Тем кто просто пришёл послушать философию я предлагаю сразу же, чтобы не разочаровываться, уйти. Просто потому что здесь не будет слишком много философии. Может быть тут будет что-то ещё. Я не знаю во что это выльется. Я в первый раз провожу такую вещь, но я много думал над этим и хотел поделиться своими соображениями, а также соображениями других преданных, которых я услышал за последнее время и может быть вы поделитесь своими соображениями, если таковые у вас имеются.

(Махарадж читает Бг. 4.13 с комментарием)

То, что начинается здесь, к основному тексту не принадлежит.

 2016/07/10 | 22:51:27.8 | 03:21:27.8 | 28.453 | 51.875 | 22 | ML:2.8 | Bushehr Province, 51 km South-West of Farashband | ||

Два слова сначала об этом стихе где он появляется в Бхагавад-гите, чтобы понять место всего этого. Собственно мы собрались для того, чтобы понять место системы варнашрамы в ИСККОН. Шрила Прабхупада в бесчисленных комментариях объясняет. систему варнашрамы. Мы все хорошо знаем: брахманы, вайшьи, кшатрии и шудры.

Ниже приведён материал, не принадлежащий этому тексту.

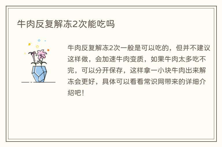牛肉反复解冻2次一般是可以吃的,但并不建议这样做,会加速牛肉变质,如果牛肉太多吃不完,可以分开保存,这样拿一小块牛肉出来解冻会更好,具体可以看看常识网带来的详细介绍吧!

Разбуди нас ночью, потряси, спроси: - Какие 4 варны? Мы скажем только так. Но пока это ещё остается теорией. Перед тем как Шрила Прабхупада ушёл из этого мира, за несколько месяцев до своей смерти, летом 77 года он уехал в страшно больном состоянии, практически смертельно больной, прикованный к постели, вдруг он сказал своим ученикам: - Я еду в Лондон проповедовать. Отвезите меня в Лондон и дальше я поеду в Америку.

Он приехал в Лондон, побыл там и дальше собирался ехать в Америку, но к сожалению состояние его здоровья не позволило ему это, ему пришлось вернуться в Индию. Через несколько месяцев он ушёл из этого мира. Но когда он приехал в Лондон, когда он сделал эту последнюю попытку отправиться путешествовать, он сказал что я еду для того, чтобы исполнить вторую часть своей миссии; что я сделал только половину миссии, половина моей миссии исполнена, вторая половина осталась незавершенной.
Я хочу поехать в Америку и быстренько создать там варнашрама-дхарму.

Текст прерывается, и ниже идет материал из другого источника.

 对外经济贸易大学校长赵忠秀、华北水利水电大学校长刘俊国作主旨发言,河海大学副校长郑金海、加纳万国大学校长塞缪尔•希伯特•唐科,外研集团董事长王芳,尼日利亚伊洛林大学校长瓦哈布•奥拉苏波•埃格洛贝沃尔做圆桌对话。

Так или иначе, по той или иной причине ему не удалось это сделать. Кришна не захотел чтобы он это сделал. Не нам судить почему. Это выше нашего разумения. Но нам стоит задуматься над тем что это такое и какое значение этому предавал Шрила Прабхупада, если он говорил: - Я сделал только половину своего дела.

С тех пор как Шрила Прабхупада ушел из этого мира в 77 году прошло уже почти 20 лет, но вот эта вторая половина дела Шрила Прабхупады не была закончена. В ИСККОН существует и существовало много школ. В частности, одна из них говорила, что варнашрама не для ИСККОН, что Шрила Прабхупада говорил об этом потому что он хотел чтобы варнашрама была там: вот там, вот там, вот там.... Но не тут - мы трансцендентные.

Как Шрила Прабхупада объясняет в комментарии: вайшнавы трансцендентны по отношению к системе варнашрамы и в общем-то к нам это не имеет никакого отношения. Нам нужно выяснить сейчас имеет это к нам какое-нибудь отношение или не имеет. На самом деле это очень сложная вещь, потому что мы знаем одна варна брахманы как бы выше чем шудры и если сейчас вас спросить кто хочет быть шудрой?

Один нашелся.

Кто хочет быть брахманом? Конечно все из скромности не поднимут руки, но внутри все думают: "Я хочу быть брахманом". Никому не хочется называться шудрой, потому что мы привыкли что за всем этим стоит что-то не очень уважаемое. И, наоборот, всем хочется называться брахманом и поэтому это очень трудно. В своё время была такая история в качестве анекдота я могу рассказать её.

Когда через какое-то время после ухода Шрилы Прабхупады в одной из сельских исконновских общин ученики Прабхупады собрались вместе чтобы построить варнашраму . Они все собрались в одном месте чтобы обсудить кто какой варне принадлежит и таким образом построить эту структуру. В течение трех дней они это обсуждали, потом выяснилось что как это ни странно все в этом благородном собрании оказались брахманами, за двумя исключениями. Один оказался каястхой. Каястха это смесь брахмана и кшатрия Ему сказали, что ты каястха. А про другого ну ничего не могли сказать, поэтому решили он чистый преданный, поэтому он в эту категорию не входит.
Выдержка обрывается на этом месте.